5:00 PM–7:00 PM Apr 3, 2018

PCC North, 300 Level, Exhibit Hall C-E

Description
Li Tian Chew1 Li Lu1 Weiling Dong1 Robert Simpson1

1, Singapore University of Technology and Design, Singapore, , Singapore

We study the diffusion of metal atoms into phase change chalcogenides. Recently, phase change materials have been investigated for active photonics applications. They have been applied in tuneable polarisation-independent perfect absorbers, optical imaging devices, nano-displays, active nano-photonics, and reconfigurable optical circuits. However, many recent publications do not consider reactions and diffusion at the interface between the metal and chalcogenide layers, which may occur. The diffusion influences the properties of the phase change layer, such as the crystallisation kinetics and optical constants[1-2]. Here, we study the interface between the phase change material, Ge2Sb2Te5, and different metal layers using X-ray reflectivity (XRR) and reflectometry of metal/phase change chalcogenide stacks. We find that a diffusion barrier layer, such as Si3N4, can help to prevent the interfacial diffusion of the metal and Ge2Sb2Te5 layers.

We are particularly interested in phase change material tuned plasmonic structures, where metals such as Au, Ag, and Al are commonly interfaced with Ge2Sb2Te5. Our XRR analysis showed that heating Si/Au/Ge2Sb2Te5 samples results in severe interfacial roughening. However, inter-diffusion is readily prevented by a 10 nm thick Si3N4 layer deposited between the Au and Ge2Sb2Te5 layers. We find that in this structure the XRR fringes are present even after annealing at a temperature of 573 K. This indicates that Si3N4 prevents the interfacial damage between metal layers and the Ge2Sb2Te5. Since metallic diffusion into Ge2Sb2Te5 may affect the crystallisation temperature and optical properties, we expect this structure to exhibit stable and cycleable optical switching.

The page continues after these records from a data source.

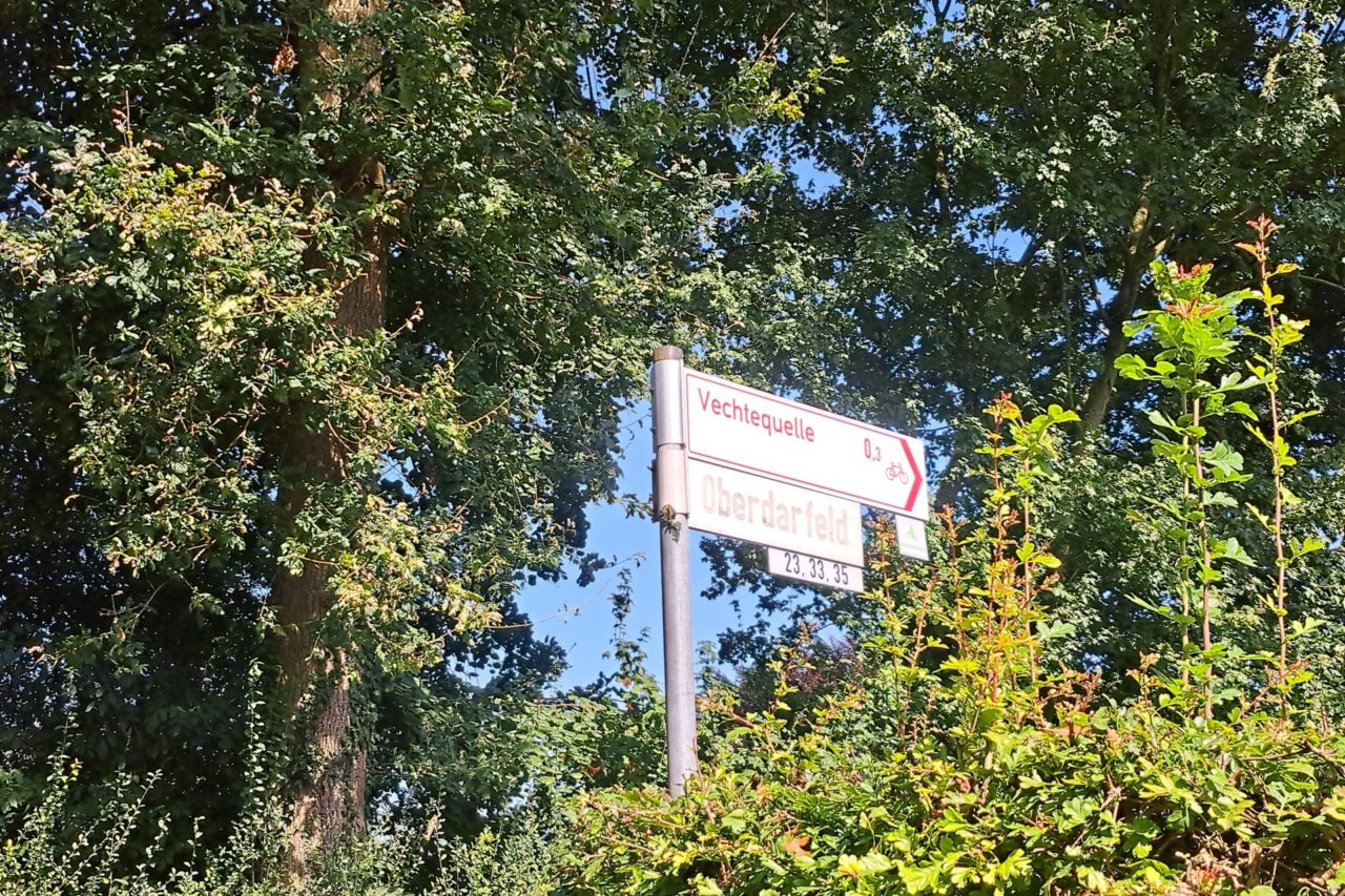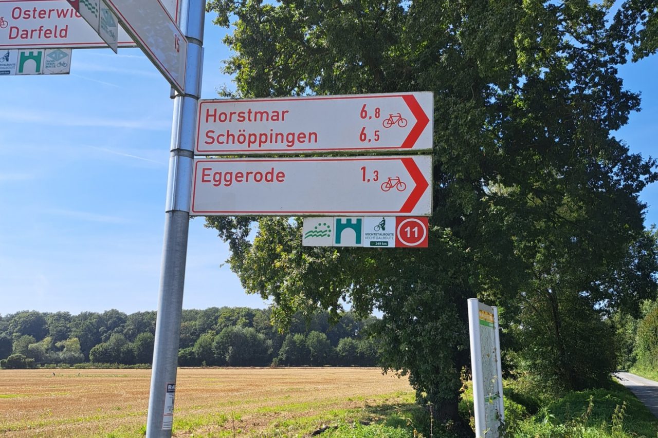 Zodra we het Münsterland uitrijden en het Grafschaft Bentheim binnen fietsen zijn alle “Roomsche objecten” als een donderslag bij heldere hemel verdwenen. Dit is een overwegend protestantse streek. Tijdens de Dertigjarige Oorlog van 1618 tot 1648 lag hier de frontlijn tussen de katholieken en protestanten. Een ander verschil is dat de fietswegwijzers nu ineens groen zijn in plaats van rood.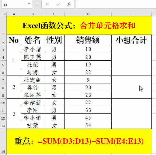 2、輸入公式:=SUM(D3:D13)-SUM(E4:E13)。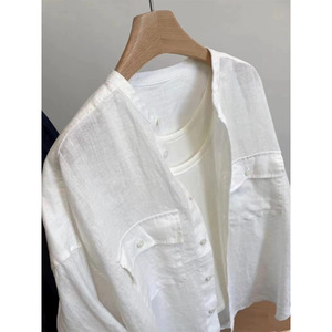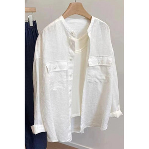 初秋日系2025新款小个子白色棉麻衬衫女薄款立领长袖百搭开衫上衣
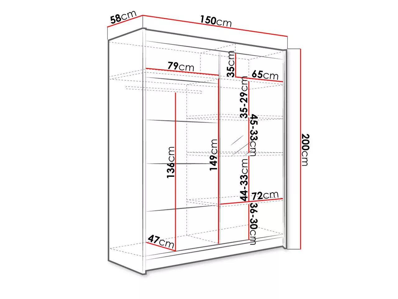 Šatní skříň se zrcadlem a LED osvětlením PIRITU 3 může být doplňkem každé ložnice nebo předsíně. Vnitřní uspořádání je tvořeno hlubokými policemi a šatní tyčí, které umožňují snadné oddělení každodenních věcí. Skříň je vybavena RGB LED osvětlením. Na výběr je mezi 15 barevnými variantami, které se přepínají pomocí přiloženého dálkového ovládání. Zrcadlo dodává šatníku kouzlo a zvětšuje a osvětluje místnost, ve které bude skříň umístěna. Konstrukce skříně je vyrobena z vysoce kvalitní LTD desky, jejíž hrany byly zesíleny PVC dýhou, což zaručuje vysokou kvalitu. Systém posuvných dveří funguje hladce a plynule. Hliníkové úchyty na posuvných dveřích zdůrazňují moderní styl, zvyšují funkčnost šatníku a brání ohýbání dveří.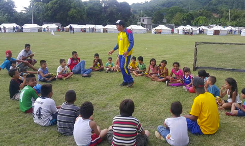 Portoviejo (Manabí).- Instructores del programa Ecuador Ejercítate llevan deporte y recreación a los niños ubicados en varios albergues de Manabí y Santo Domingo de los Tsáchilas, luego de ser afectados por el terremoto del pasado sábado 16 de abril.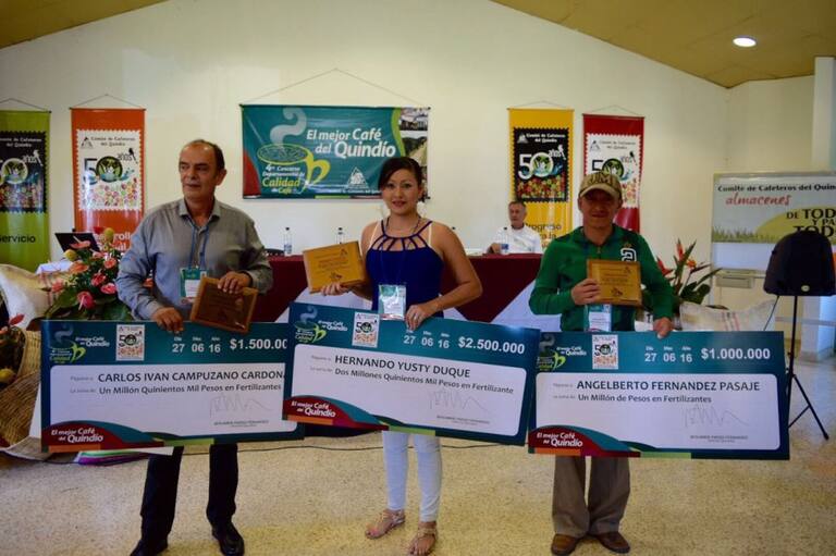Los tres finalistas recibieron el premio por producir el mejor café del Quindío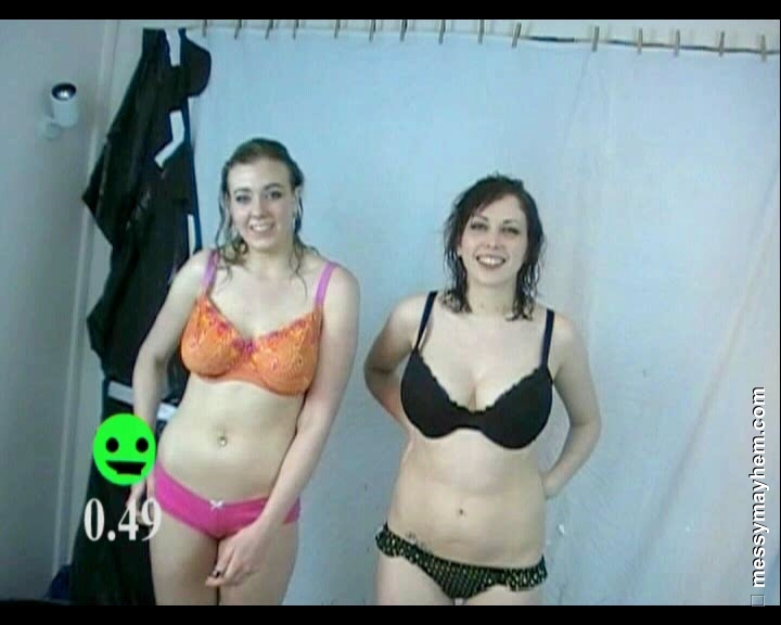 Episode 7 Part 2 has just materialised itself onto http://www.messymayhem.com Sapphire wants to get her own back on Louisa for turning her into an egg in Part 1 but will Louisa get 5 questions right in under a minute avoiding words beginning with the letter R and turn the tables? The loser is treated to pink, green and yellow gunge with particular attention paid to the boobs and bum. Also in a bizarre twist the victor removes her bra and the loser rubs her slimy head between her boobs.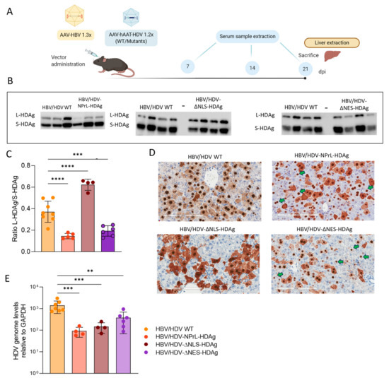 3.3. In Vivo Analysis of HDV-NPrL-HDAg, HDV-ΔNLS-HDAg, and HDV-ΔNES-HDAg Mutants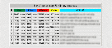 | トップ 10 of (個別サイト数) By KBytes / 幾度も訪れた訪問者の転送量ベスト10 |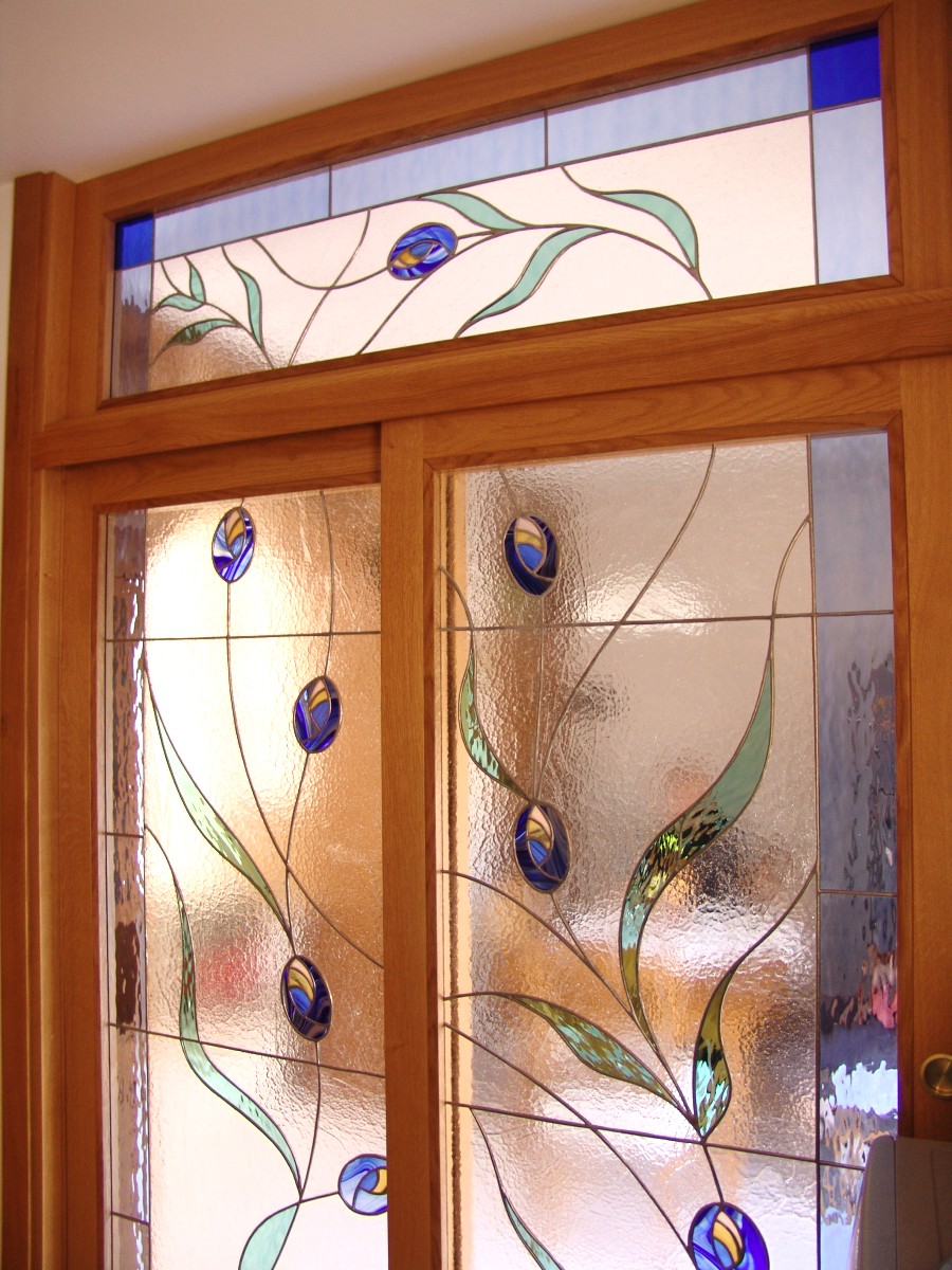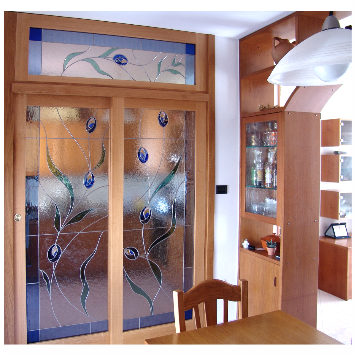 Vetrata scorrevole e sopraluce con fiori stilizzati. La vetrata è in posizione tra l'angolo cottura e il soggiorno.

We conclude that Al, Au, and Ag readilly diffuse into Ge2Sb2Te5 when the structure is heated to 573 K. However, the diffusion can be prevented by adding a Si3N4 diffusion barrier layer, which indicates that the diffusion barriers must be included in phase change material tuned plasmonic devices.

This research work was supported by the Singapore Ministry of Education project T1MOE1703 “Advanced Intelligent Materials (AIM)” and the A-star Singapore-China joint research program (grant: 1520203155).

[1] Pandian R, Kooi B, De Hosson J, Pauza A. Influence of capping layers on the crystallization of doped SbxTe fast-growth phase-change films. Journal of Applied Physics. 2006;100(12).
[2] Kozyukhin S, Kudoyarova V, Nguyen H, Smirnov A, Lebedev V. Influence of doping on the structure and optical characteristics of Ge2Sb2Te5amorphous films. physica status solidi (c). 2011;8(9):2688-2691.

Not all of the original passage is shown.